Dec. 24, 1998: Osama bin Laden states in an interview with Time's Rahimullah Yusufzai: "Acquiring [WMD] for the defense of Muslims is a religious duty."
1999-2001: Al Qaeda training camps in Afghanistan conduct basic training courses in chemical, biological, and radiological weapons for hundreds of extremists. Abu Khabab al-Masri, a chemist and top bomb-maker, and Abu Musab al-Suri (better known as Setmariam), a Spanish citizen born in Syria, conduct the training courses at the Durante and Tarnak farms.
Setmariam is captured in a raid in Pakistan on Nov. 3, 2005. The outspoken proponent of using chemical, biological, radiological, and nuclear weapons in attacks against the United States tells authorities that al Qaeda had made a mistake by not utilizing WMD on Sept. 11, 2001.

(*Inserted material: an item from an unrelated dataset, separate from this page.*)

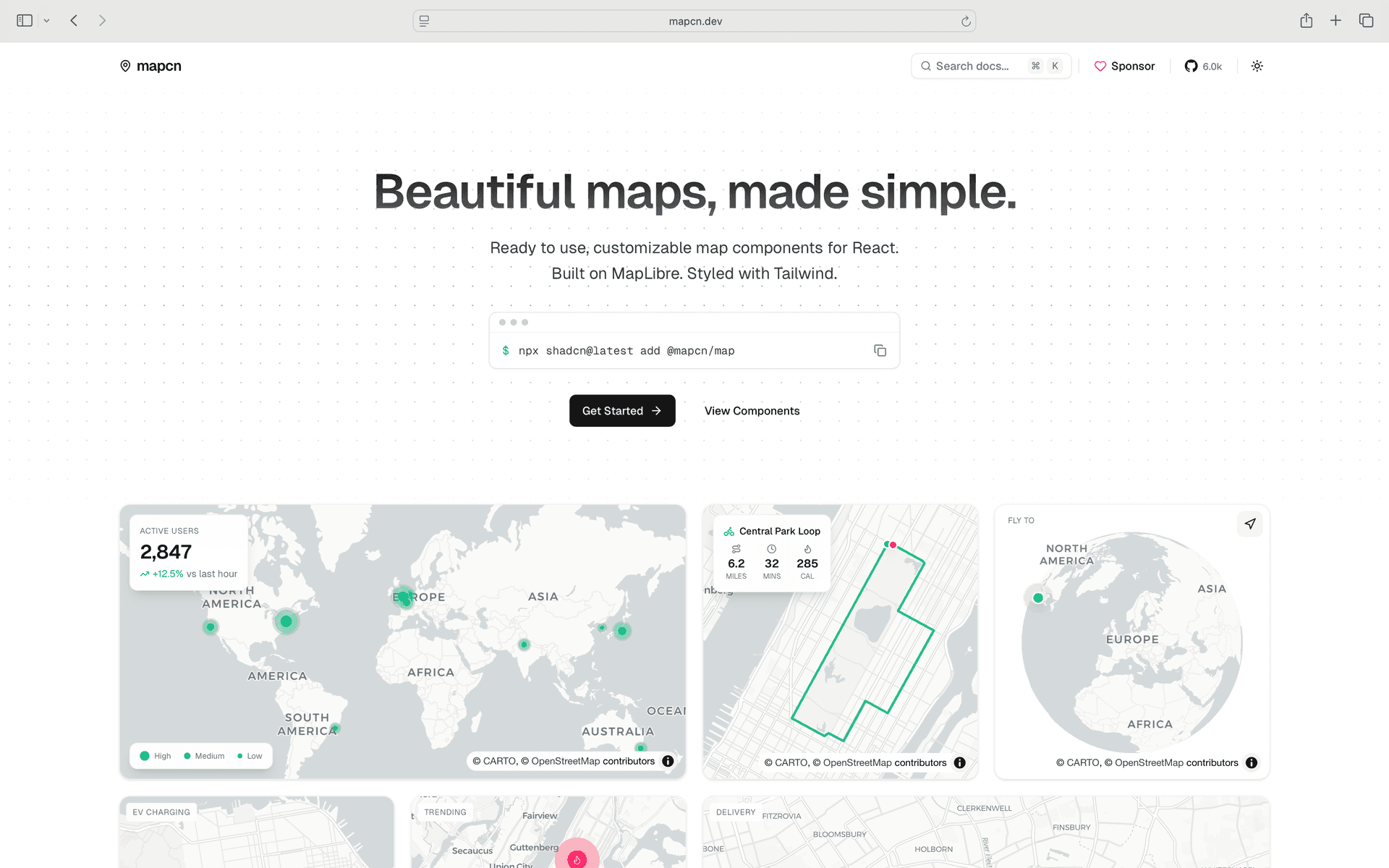An open source, copy-paste-friendly map components library for modern web apps, built to make map integration clean, composable, and design-consistent.

Early 1999: Zawahiri recruits a midlevel Pakistani government biologist with extremist sympathies, Rauf Ahmed, to develop a biological weapons program. He is provided with a laboratory in Kandahar, Afghanistan.
Early 1999: The head of Jemaah Islamiyah (JI), an al Qaeda-associated militant Islamist group based in southwest Asia, introduces an ex-Malaysian Army captain and California Polytechnic State University (better known as CalPoly) graduate, Yazid Sufaat, to Zawahiri.